Des Weiteren zielte sie darauf ab, die Verbindung dessen mit den Bewusstheitserscheinungen, die sich in der zweiten Hälfte des zwanzigsten Jahrhunderts formten, und den damit einhergehenden Wellen religiöser Bewusstheit in den Achtzigern zu behandeln. Obwohl die Frau in der bahrainischen Gesellschaft im öffentlichen Leben viele Positionen einnahm, behandelten alle Romane weiterhin meistens den Zustand der Unterdrückung und den kontinuierlichen Kampf der Frau, ihre Rechte (vom Mann) zu erlangen. Laut Dr. Fahd Hussein zeigten sie sie meistens als unterdrückte Frau, die ein Opfer der patriarchalischen Herrschaft und der (veralteten) gesellschaftlichen Bräuche sei. Selten erscheint sie aber auch als rebellische Revolutionärin oder als zufrieden und unterwürfig (und als Frau, die sich ihrem Schicksal ergeben hat) oder vielleicht als Frau, die sich mit ihrer Situation abgefunden hat, auch wenn andere dies nachteilig für ihre Rechte erachteten.
Das Bild der unterdrückten Frau
Die Autorin Laila as-Sayyid fasst für uns anhand ihres Romans ”Die Frauen des Genusses” von Munira Sawar einige Arten der Unterdrückung zusammen, die die Hauptcharaktere des Romans erleiden. Diese Hauptcharaktere sind Zahra, Mahdia, Badriya und Amal. Jede von ihnen hat eine Geschichte, die diese Unterdrückung illustriert2. Diese lässt sich in einer Anzahl von Situationen erkennen, darunter: Die Unterdrückung Zahras durch ihren Ehemann, der sie schlägt und beleidigt. Kaum betretet sie die Wohnung, da überrascht er sie schon mit seiner Hand und schlägt sie auf ihre Schläfe. Dies genügt ihm aber nicht, denn er zieht sie hierauf an ihrem Schleier, wirft sie auf das Sofa und wütet mit seiner lauten Stimme: ”Prostituierte sind die einzigen, die sich nachts mit fremden Männern auf der Straße unterhalten und lachen.

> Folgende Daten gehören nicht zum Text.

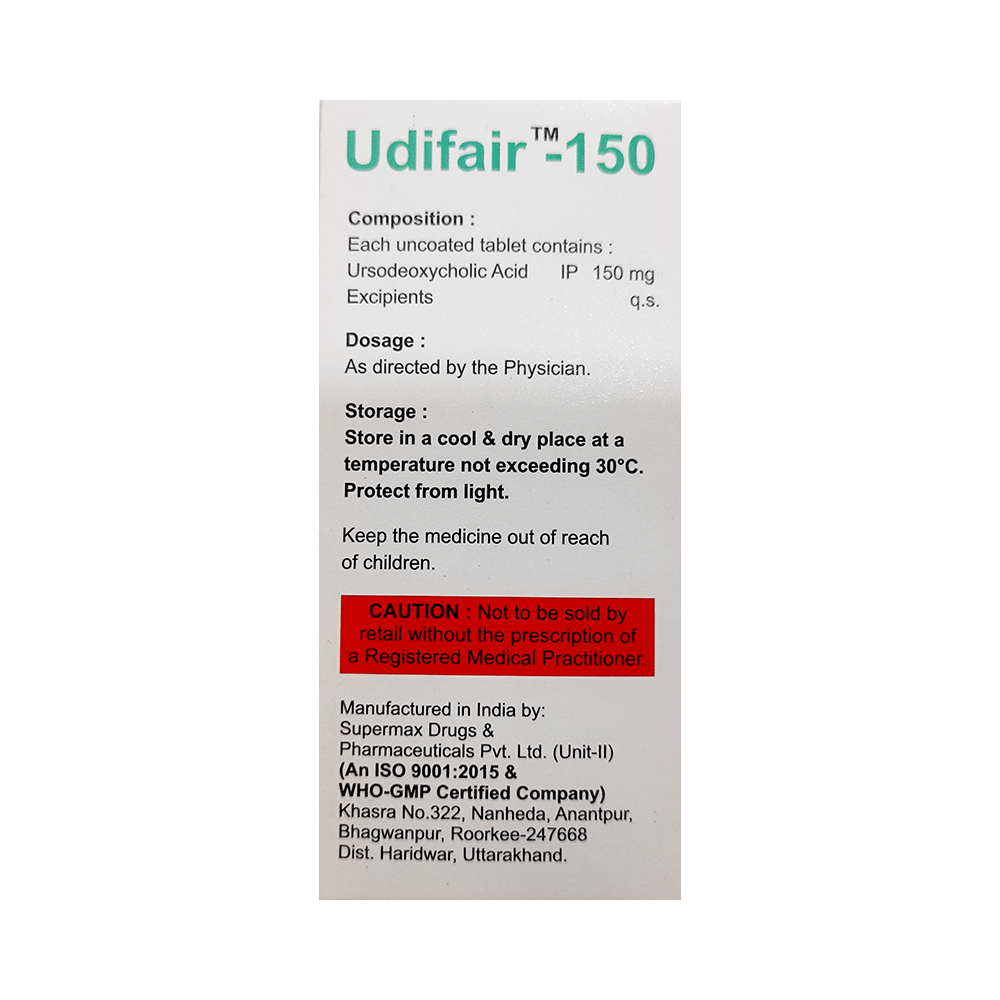 Udifair 150 Tablet is a medicine used to dissolve certain gallstones and prevent them from forming. It helps break down the cholesterol that has converted into stones in your gallbladder, thereby dissolving the stones. It is also used to treat a type of liver disease called primary biliary cirrhosis. Udifair 150 Tablet should be swallowed whole after a meal and with a glass of milk or water. The dose will depend on what you are being treated for and your health condition. Take it regularly to get maximum benefit, and keep taking it for as long as prescribed (several months or longer). Keep taking it even if your symptoms disappear.The most common side effects of Udifair 150 Tablet are abdominal pain, diarrhea, hair loss, itching, nausea, and rash. Not everyone gets these side effects. If you are worried about them or they do not go away, let your doctor know. They may be able to suggest ways to manage them or prescribe an alternative medicine.Before taking this medicine, you should tell your doctor if you have an inflammation of the gallbladder or bile ducts, frequent cramp-like pain in your upper abdomen, coughing up blood, or gaining weight rapidly. Using this medicine can reduce or increase the effect of some other medicines, so tell your doctor about all the other medicines you are taking. Pregnant and breastfeeding women should consult their doctor before using this medicine to make sure it is safe for them.
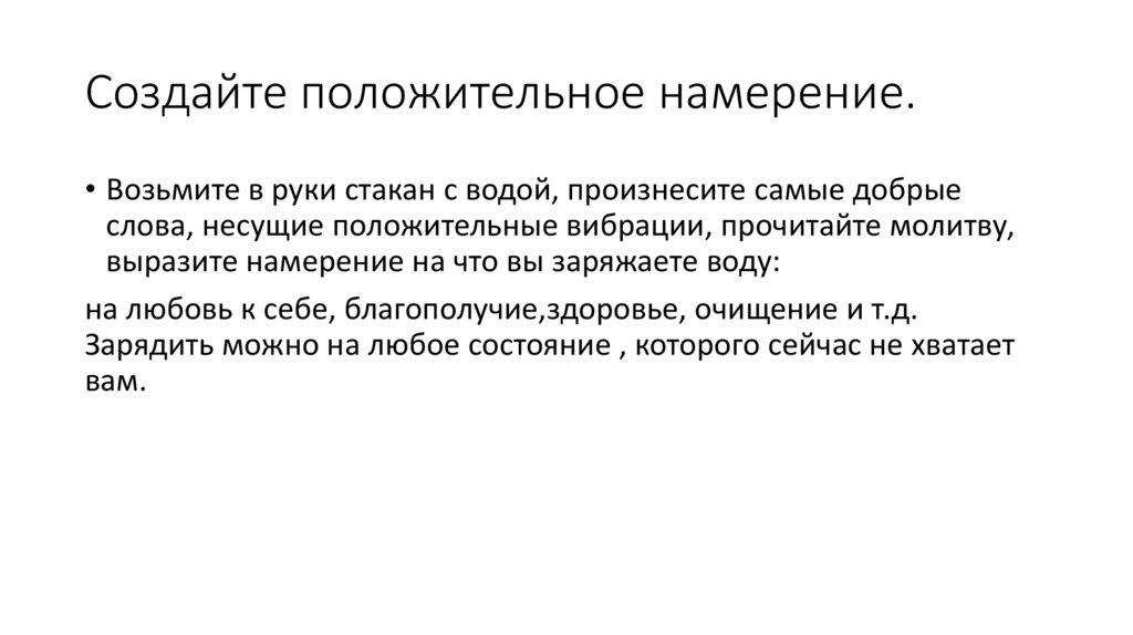 Создайте положительное намерение.• Возьмите в руки стакан с водой, произнесите самые добрые
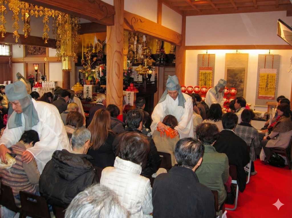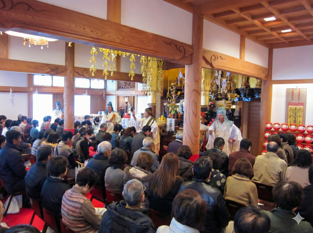大祭・大祈祷は毎年1月の第4日曜日とその前日の土曜日に行われます。本堂では修法師による加持祈祷が行われ、皆様の無病息災などをお祈り致します。
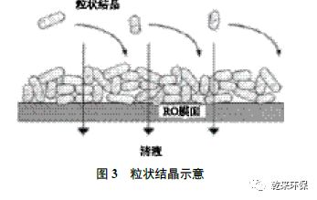3.2膜面結(jié)晶:膜面結(jié)晶是RO 膜應(yīng)用的重要議題。按結(jié)晶理論,結(jié)晶狀態(tài)通常可分為粒狀結(jié)晶和膜面結(jié)晶。當溶液達到溶解度極限范圍時,分子相互碰撞產(chǎn)生晶體,晶體是不溶解的粒狀固體,隨水流方向壓到膜面上。粒狀晶體堆在膜面上比較松散,或隨著水流沖到濃液出口,因此粒狀結(jié)晶不會對膜通量帶來太大影響。粒狀結(jié)晶見圖3。
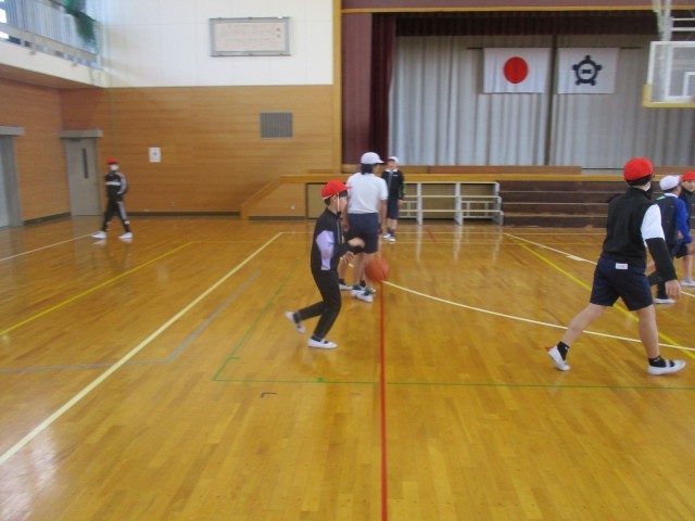 今日の体育は、6年生がバスケットボールのハーフコートゲームに挑戦しました!

Ich habe erst heute erfahren, dass ich mit einer Prostituierten verheiratet bin3.” Eine weitere Stelle ist: ”Da ist der Schrei der Ehefrau von Nasser an-Nayim, begleitet von einem starken Weinen und gefolgt von Schluchzen und starkem Röcheln. Sie durchquert schnell die Straße, da ist auch das Klackern ihres Holzschuhs, das Weinen ihrer Kinder, die hinter ihr hergehen, und die Stimme einiger Frauen, die versuchen sie zu beruhigen. Einige von ihnen finden die Gelegenheit die Männer für ihre Taten zu beschimpfen. Nach kurzer Zeit folgt ihr ihr Ehemann, üblicherweise mit dem Stock für seinen Esel. Es bricht Geschrei aus, eine Stimme mit starken Schreien ist zu hören. Geschrei und Tumult bricht auch seitens einiger Personen aus, die den Streit schlichten wollen. Nun tut er genau das, was er immer tut, er hält sie an ihren Haaren, wirft sie zu Boden, hebt sie wieder auf und schleift sie nach Hause, vor dem Weinen der Kinder und der Missbilligung der Leute aus dem Viertel, die versuchen ihn davon abzuhalten sie zu schlagen4”.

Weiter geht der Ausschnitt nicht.